→ Material provided:
= = = = = = =

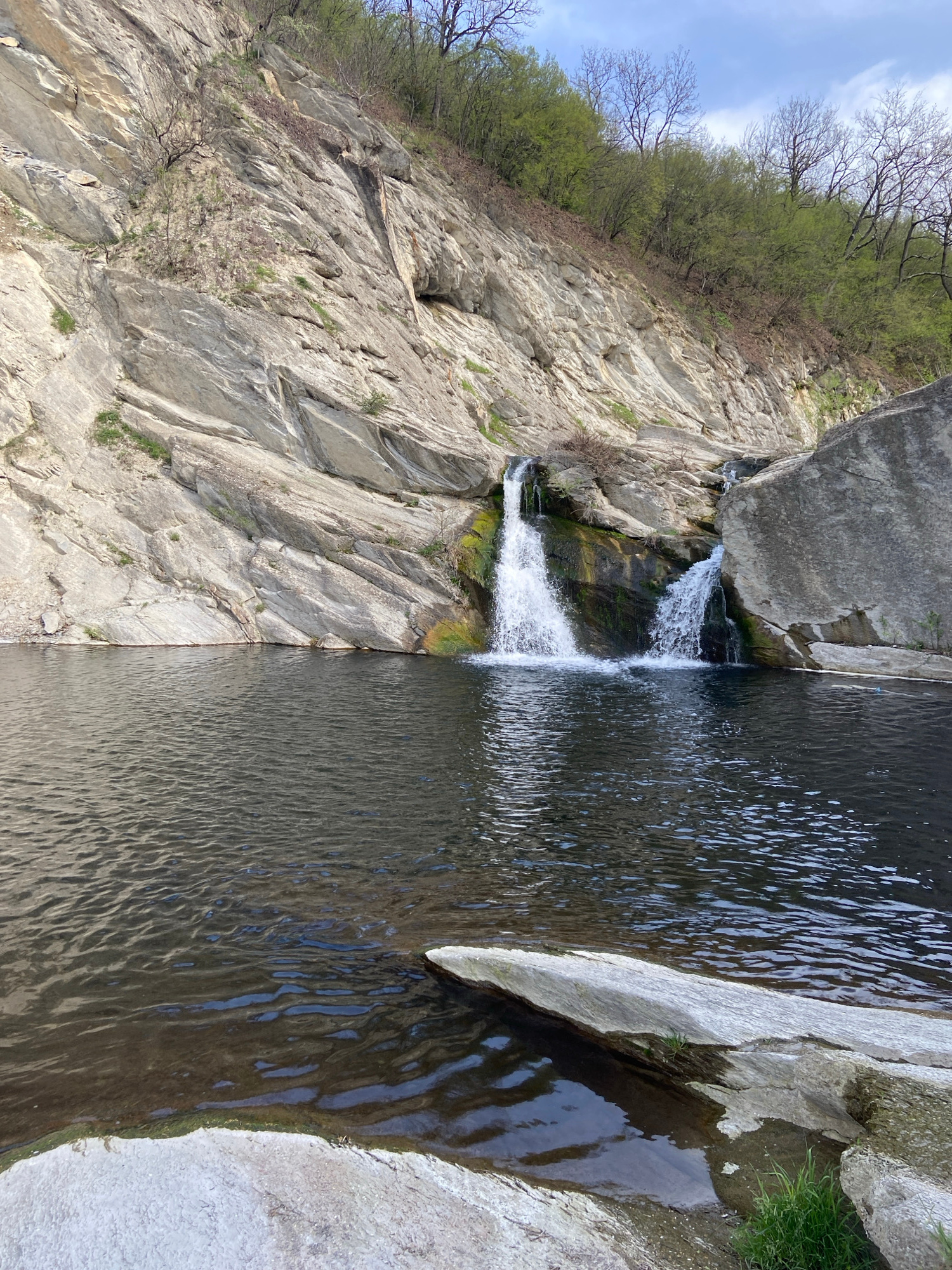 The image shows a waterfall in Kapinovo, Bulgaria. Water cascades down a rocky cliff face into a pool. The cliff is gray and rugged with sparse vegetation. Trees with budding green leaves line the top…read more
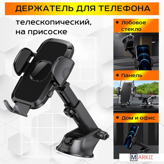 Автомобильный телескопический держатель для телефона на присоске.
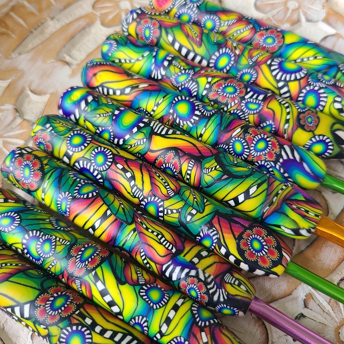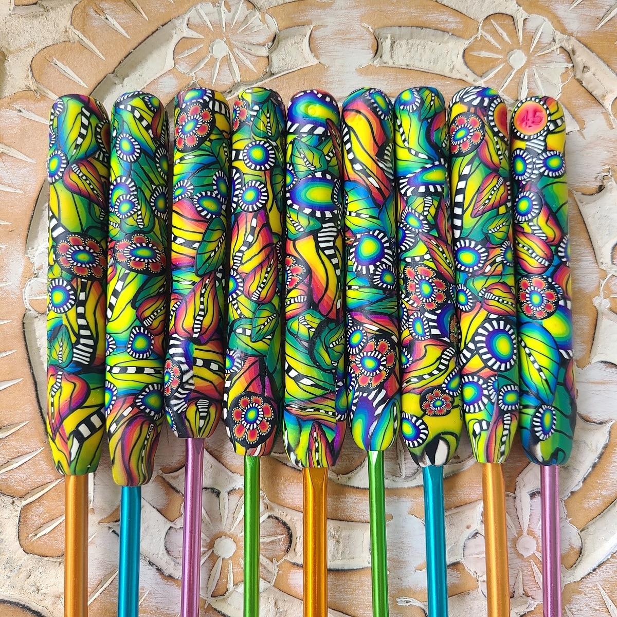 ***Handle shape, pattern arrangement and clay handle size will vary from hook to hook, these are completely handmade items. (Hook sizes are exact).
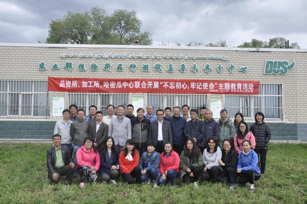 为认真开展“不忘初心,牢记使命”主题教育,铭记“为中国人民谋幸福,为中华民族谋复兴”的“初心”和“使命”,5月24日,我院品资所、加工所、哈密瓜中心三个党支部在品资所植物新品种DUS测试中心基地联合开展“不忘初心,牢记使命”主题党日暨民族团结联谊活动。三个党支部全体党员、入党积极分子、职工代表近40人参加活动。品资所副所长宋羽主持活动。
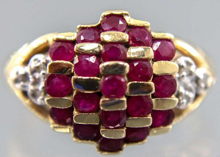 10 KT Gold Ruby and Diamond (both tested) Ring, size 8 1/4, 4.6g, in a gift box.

= = = = = = =

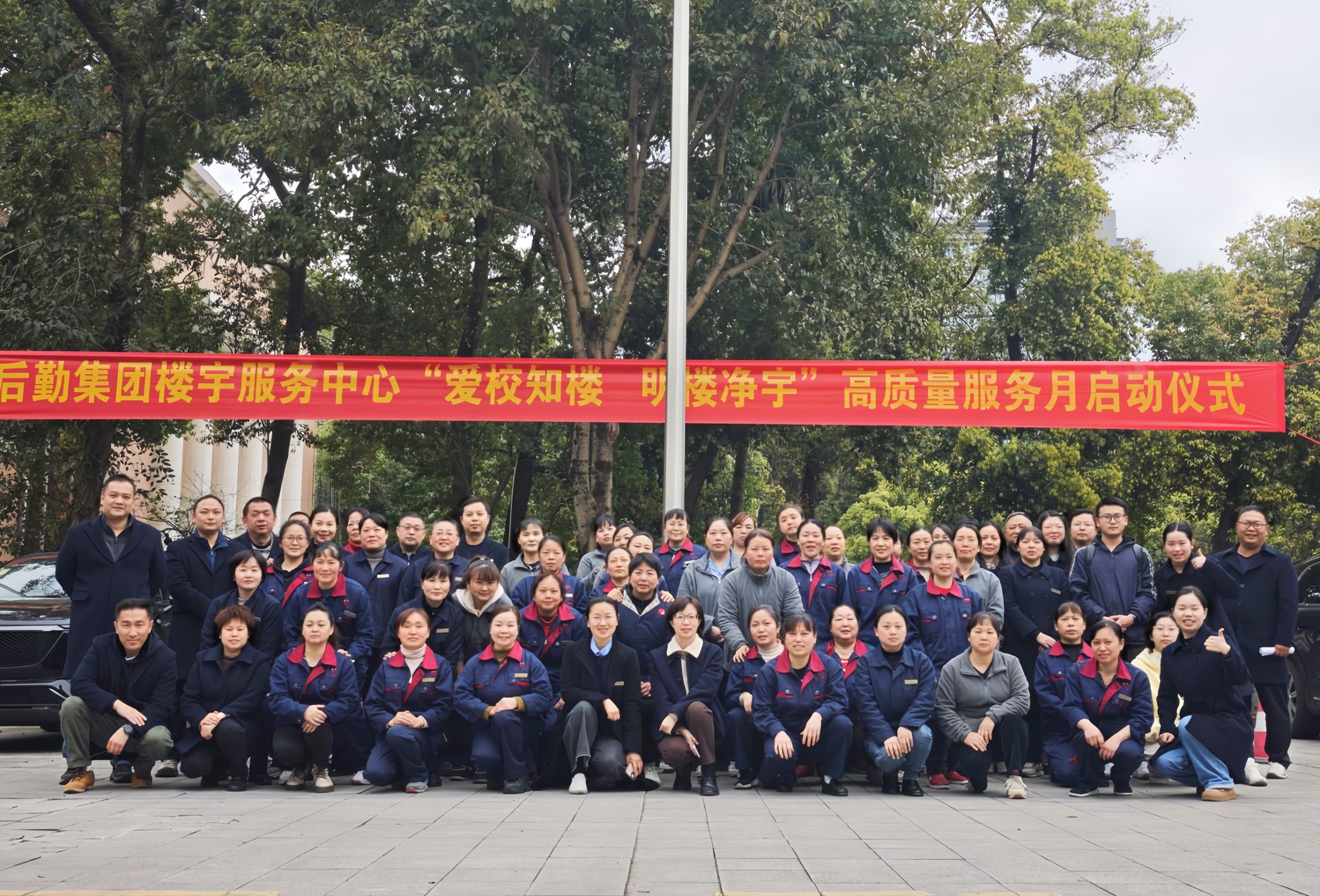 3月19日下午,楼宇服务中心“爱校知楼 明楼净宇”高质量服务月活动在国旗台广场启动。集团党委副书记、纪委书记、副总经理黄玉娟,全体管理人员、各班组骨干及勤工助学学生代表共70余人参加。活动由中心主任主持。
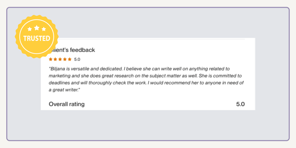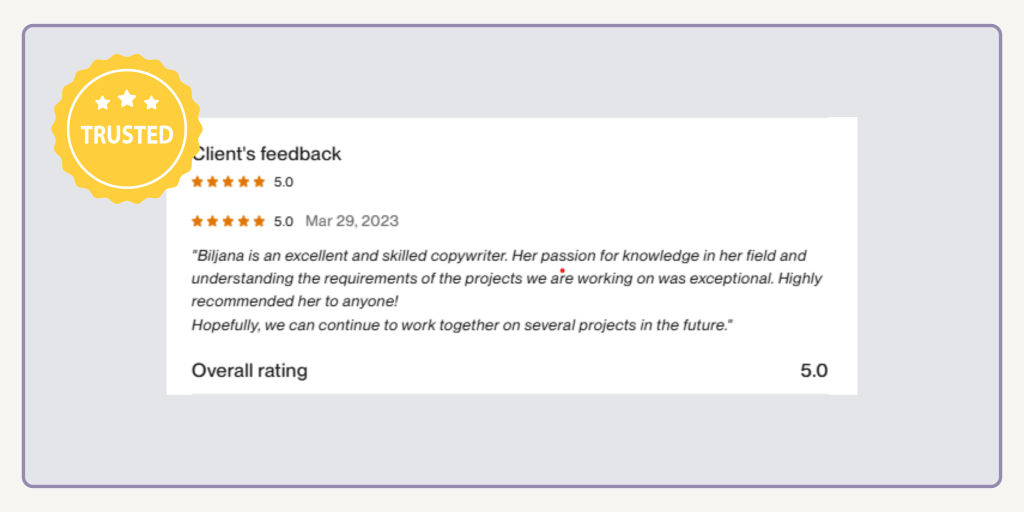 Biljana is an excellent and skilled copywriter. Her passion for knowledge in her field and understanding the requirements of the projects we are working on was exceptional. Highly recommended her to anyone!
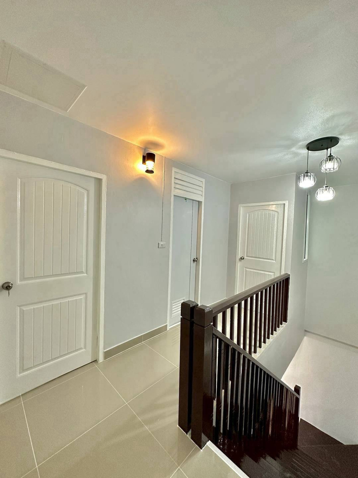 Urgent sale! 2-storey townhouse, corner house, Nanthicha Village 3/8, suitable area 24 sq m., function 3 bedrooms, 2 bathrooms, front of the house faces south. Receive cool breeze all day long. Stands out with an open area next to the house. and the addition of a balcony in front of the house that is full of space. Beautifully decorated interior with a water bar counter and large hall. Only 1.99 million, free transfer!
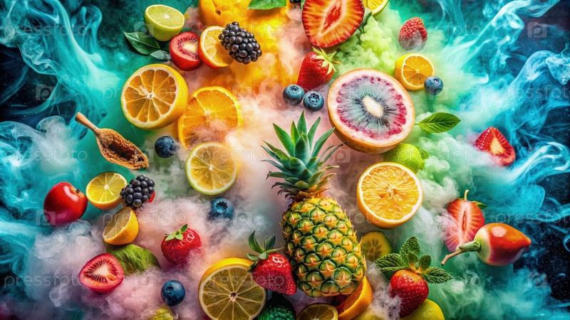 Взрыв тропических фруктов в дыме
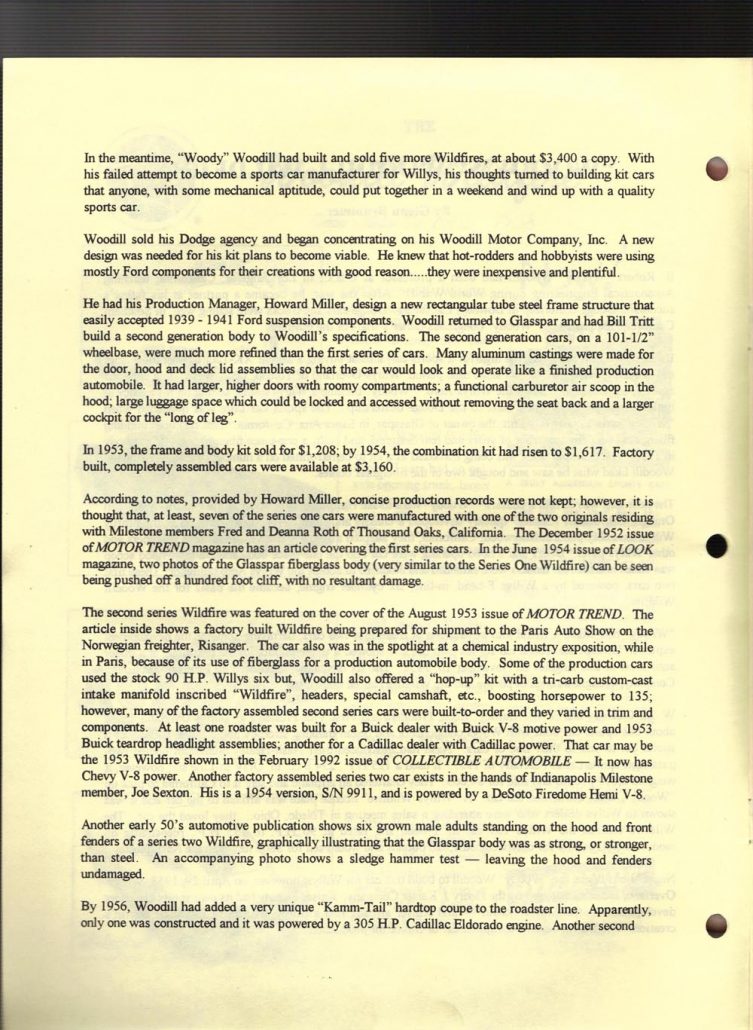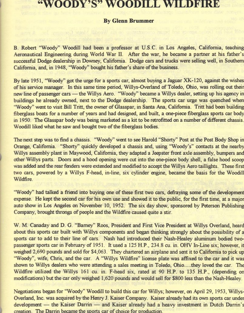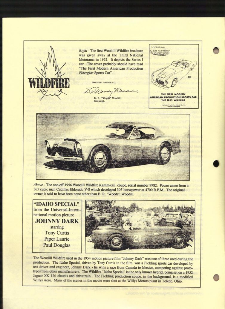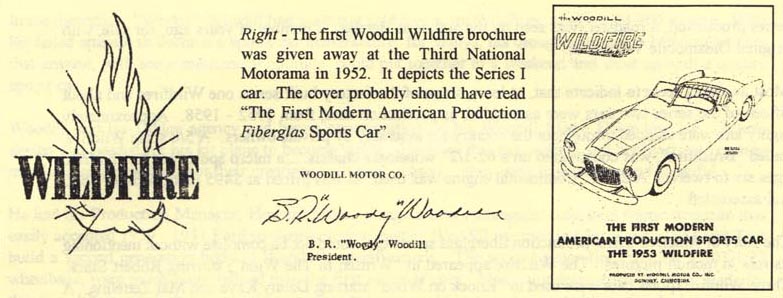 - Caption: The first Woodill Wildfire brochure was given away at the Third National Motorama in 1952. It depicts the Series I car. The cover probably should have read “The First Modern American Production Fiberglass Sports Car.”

= = = = = = =

→ Work item:
All that is wanted is the lines above between the one containing "Автомобильный телескопический держатель" and the one containing "10 KT Gold Ruby", inclusive, restated word for word, with pictures omitted.

→ Result of the exercise:
 Автомобильный телескопический держатель для телефона на присоске.
 ***Handle shape, pattern arrangement and clay handle size will vary from hook to hook, these are completely handmade items. (Hook sizes are exact).
 为认真开展“不忘初心,牢记使命”主题教育,铭记“为中国人民谋幸福,为中华民族谋复兴”的“初心”和“使命”,5月24日,我院品资所、加工所、哈密瓜中心三个党支部在品资所植物新品种DUS测试中心基地联合开展“不忘初心,牢记使命”主题党日暨民族团结联谊活动。三个党支部全体党员、入党积极分子、职工代表近40人参加活动。品资所副所长宋羽主持活动。
 10 KT Gold Ruby and Diamond (both tested) Ring, size 8 1/4, 4.6g, in a gift box.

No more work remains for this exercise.